How Do Values Drive Culture?

Your culture work will give you new insight, into how organisations tick. Above all, it will teach you to see your world in terms of ‘cause’ and ‘effect’. As a leader of a cultural journey, you will learn to operate on the balcony and the dance floor simultaneously to observe what is happening and see both the underlying value-set that is driving what is occurring and how others are interpreting this action.

To lead culture change, you will need to know how values actually work and how they play out through the behaviours, symbols and systems of your organisation.


What are Values?
When you work with culture, you need to be very clear on what is meant by the word ‘value’ because you will be using it a lot. Logically the word ‘value’ describes exactly what a value is. It is ‘what we value’. What is important to us? As a society, we value ‘integrity’ we are likely to take actions which benefit the larger whole. On a closer examination, these values contain an ingredient which puts the whole ahead of, or at least alongside, the good of the individual.

But here’s the tricky bit. Through our behaviour we show that we actually place value on a different set of attributes. We say we value honesty, but we also value being liked, and through our behaviour we hold back from telling the truth if we feel it will make us unpopular – thus the verb ‘value’, which ultimately guides our actions, and has come to mean ‘that which is important to us’.

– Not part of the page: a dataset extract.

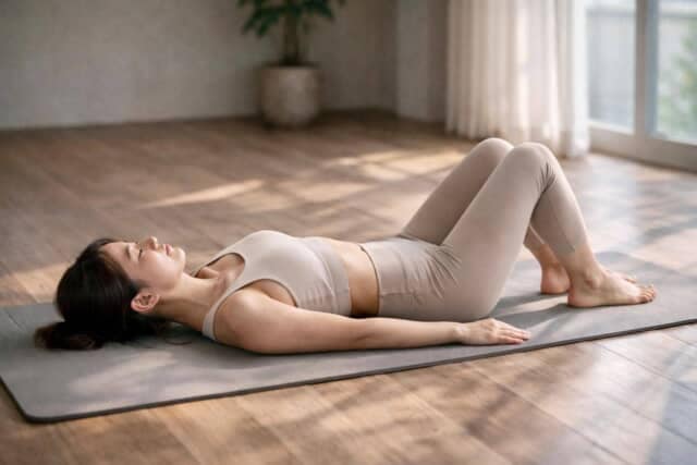 仰向けになり、両ひざを軽く曲げて足を床につけます。両腕は体の横に自然に置き、手のひらは床へ。腰が反らないようにお腹に軽く力を入れ、背中を安定させます。

It encompasses a much wider set of attributes than those normally described as ‘values’. This is not an argument in semantics. It lies at the heart of the challenge leader’s face in influencing culture. Culture is the manifestation of what is rarely valued. If an organisation values being nice to each other more than they value honesty, their culture will reflect this and it will play out, for example, in the way performance reviews are conducted, We can sit here and argue that honesty is a higher order value than being nice, but this is just talk. The walk shows that being nice is more important.

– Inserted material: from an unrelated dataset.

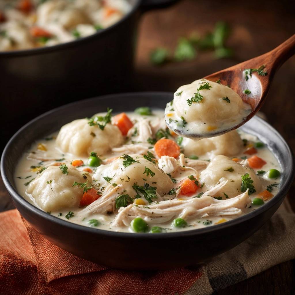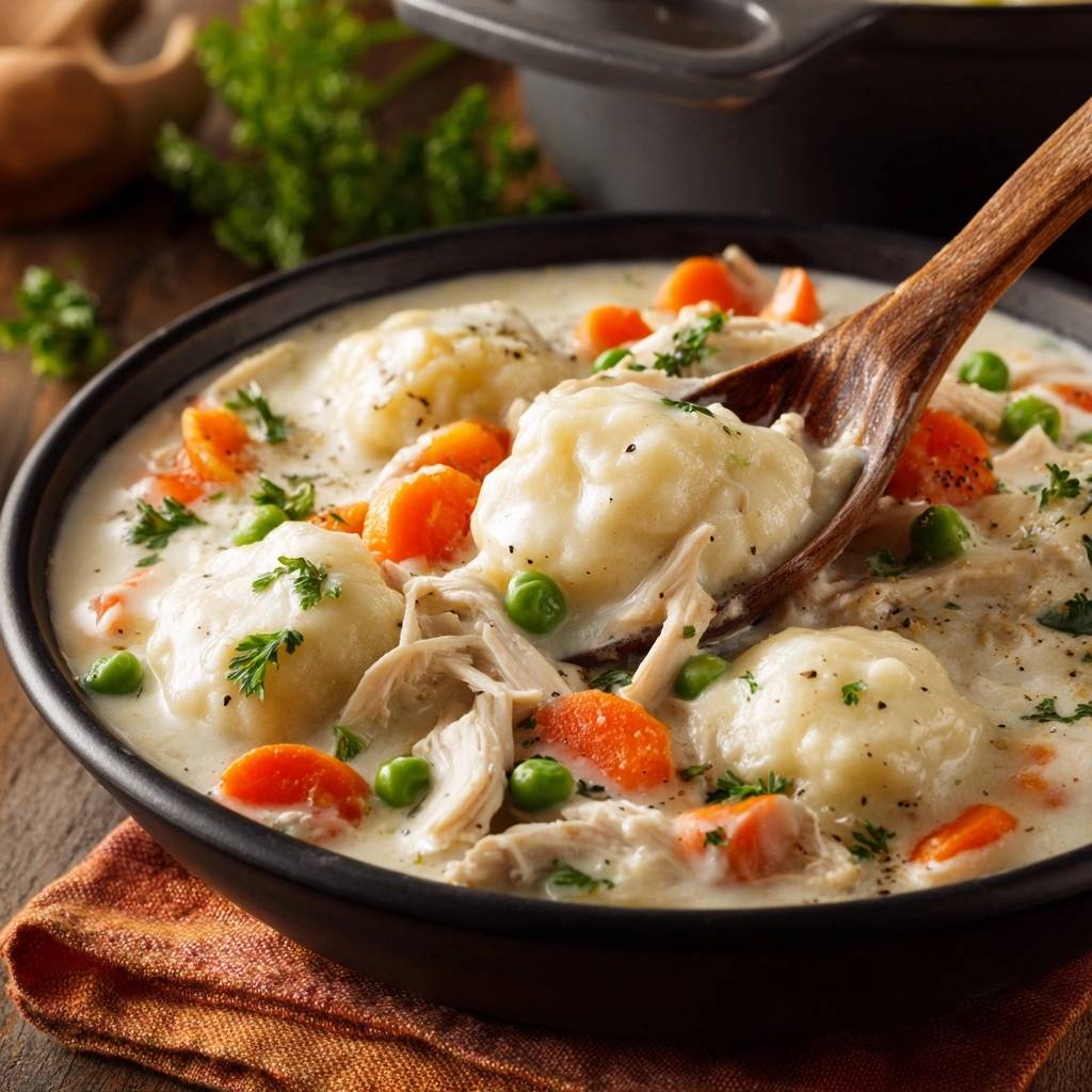 Add fresh thyme or rosemary to the roux for earthy notes. Use oat milk for dairy-free creaminess. A pinch of cayenne brings gentle heat to creamy chicken dumplings.

It is more useful to use the word ‘value’ to embrace a broader set of attributes than would normally be the case. This line of thinking results in two types of values, the first set will be familiar to you, they are more characteristics that enrich and benefit the whole and which most organisations would like to value.

Enriching Values include: Performance, Customer focus,
Teamwork ,Integrity ,Honesty, Safety,
Innovation, Doing what we say we will, Environmental awareness, Developing our people,
Risk management, Pursuit of excellence, Service, Relationships, Growth, Balance

This list is inspiring in terms of its ambition. It describes our desire to set standards around what is and is not acceptable. It develops a framework for how we should behave. These values usually benefit others as well as us, and are thus enriching values.

To understand the whole picture however we have to create another list. Another set of things that we value, that are important to us. These are not talked about as values, and yet we do value them.

We call them Selfish Values, which include: Money, Status, Independence, Staying out of trouble, Avoiding conflict, Power, Winning over others, Looking good, Keeping everyone on side,
Popularity, Control, Being right.

The first list benefits me, but also others. The second benefits me but potentially at the expense of others. Your organisations desired values will undoubtedly be drawn from the first list. But to understand how your organisation ticks, you have to understand how both sets play out to create the culture that correctly drives behaviour in your organisation.

Many cultures demonstrate that the second list is more important than the first. Others struggle to decide on which list to place profit, and believe it can belong on either. Contributing to the good of the organisation as a whole, rather than simply one's own personal gain, is a values-based approach. However, for some organisations profit has become the only real value, and can therefore be self-serving espcially for those who gain personally from its achievement.



A question to consider is: What would your organisation not be prepared to do in the name of profit?